Compassion-inclined animal literature has an unsettling, estranging effect on readers. It invites a reappraisal of our interactions with nature and encourages engagement with difficult ethical questions. This chapter introduces the idea of animal literature as a literature of protest that educates readers on ways human behavior causes suffering, promotes empathy, and envisions more compassionate ways of interacting with nonhuman neighbors. This chapter argues the imaginative spaces stories provide make an important contribution toward the formation of humane values. Here and throughout, Hugh Lofting’s Doctor Dolittle novels provide the impetus for the ‘welfarist’ approach to reading introduced.

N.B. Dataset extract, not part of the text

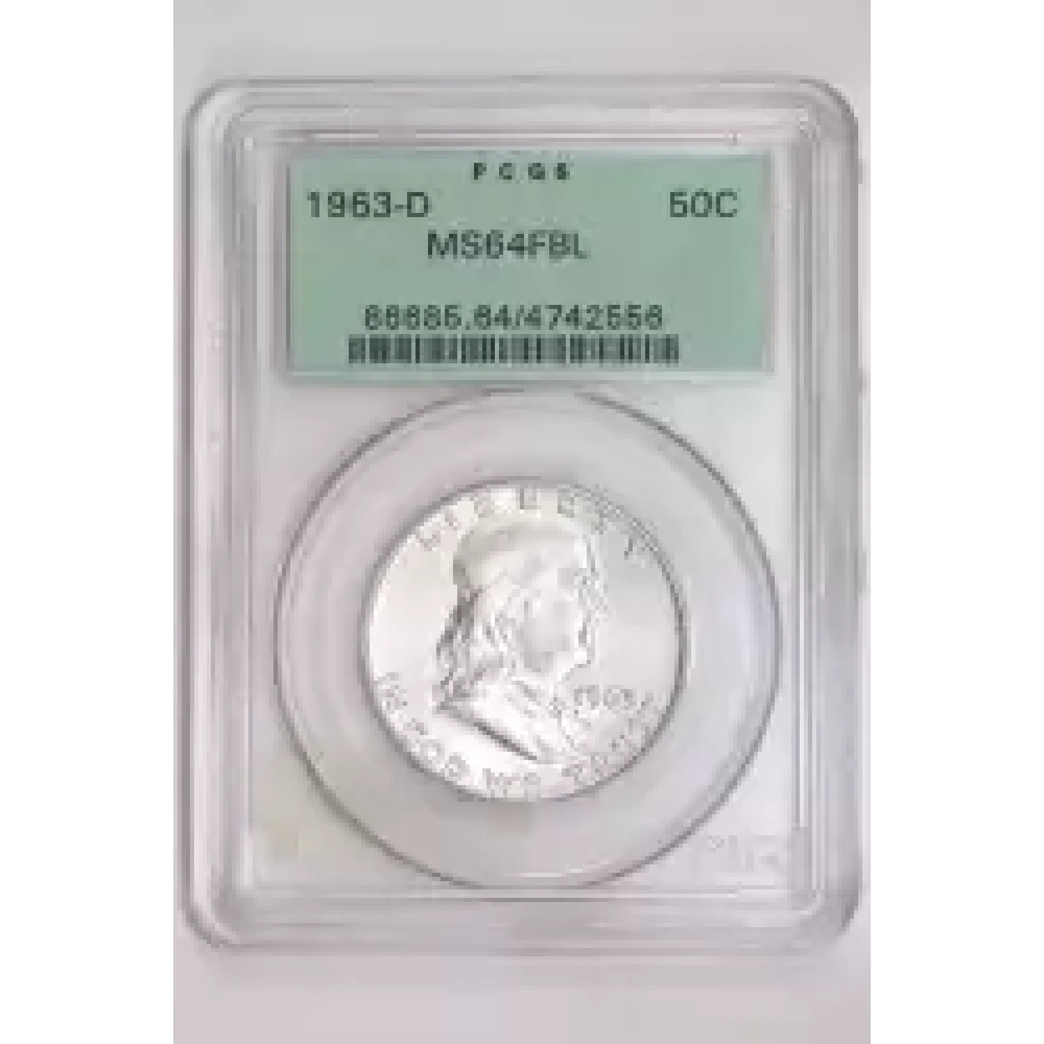 522481 | 1963-D Half Dollars Franklin PCGS MS-64 FBL | PCGS | MS-64 | Sold: 02/10/2024 | $55 |

My father recited poems out loud at home. I have vivid memories of him reading “The Bells Of Heaven” (Ralph Hodgson), “Snake” (D. H. Lawrence), and a poem I have never been able to relocate about a fox caught in a trap with young in the den. The innocence of anymals and the cruel power of humanity was manifest in sorrow, anger, even bitterness in my father’s soft voice. Already then, his sentiments echoed my own experiences with humanity and anymals in rural America. I also recall my mother singing the folksong, “The Fox Went out on a Chilly Night,” and how my father would say, “The fox has to eat, too.” I realize now that the poems themselves might never have reached me if my parents had not read and sung to us when we were young. Through their voices—through this shared experience of literature—I gained more than what was written on those dog-eared pages.

—Lisa Kemmerer, Montana State University Billings, philosopher-activist

Personal correspondence. On her use of the term anymal, see Prof. Kemmerer’s “Verbal Activism: ‘Anymals’,” Society and Animals 14.1 (May 2006): 9–14. It is a contraction of any and animal, which indicates all individuals of any species other than the speaker/author. She prefers it to the regular spelling because it avoids the suggestion humans are not themselves animals, as well as the dualism and alienation implied by the prefixed term nonhumans or the qualifier other animals.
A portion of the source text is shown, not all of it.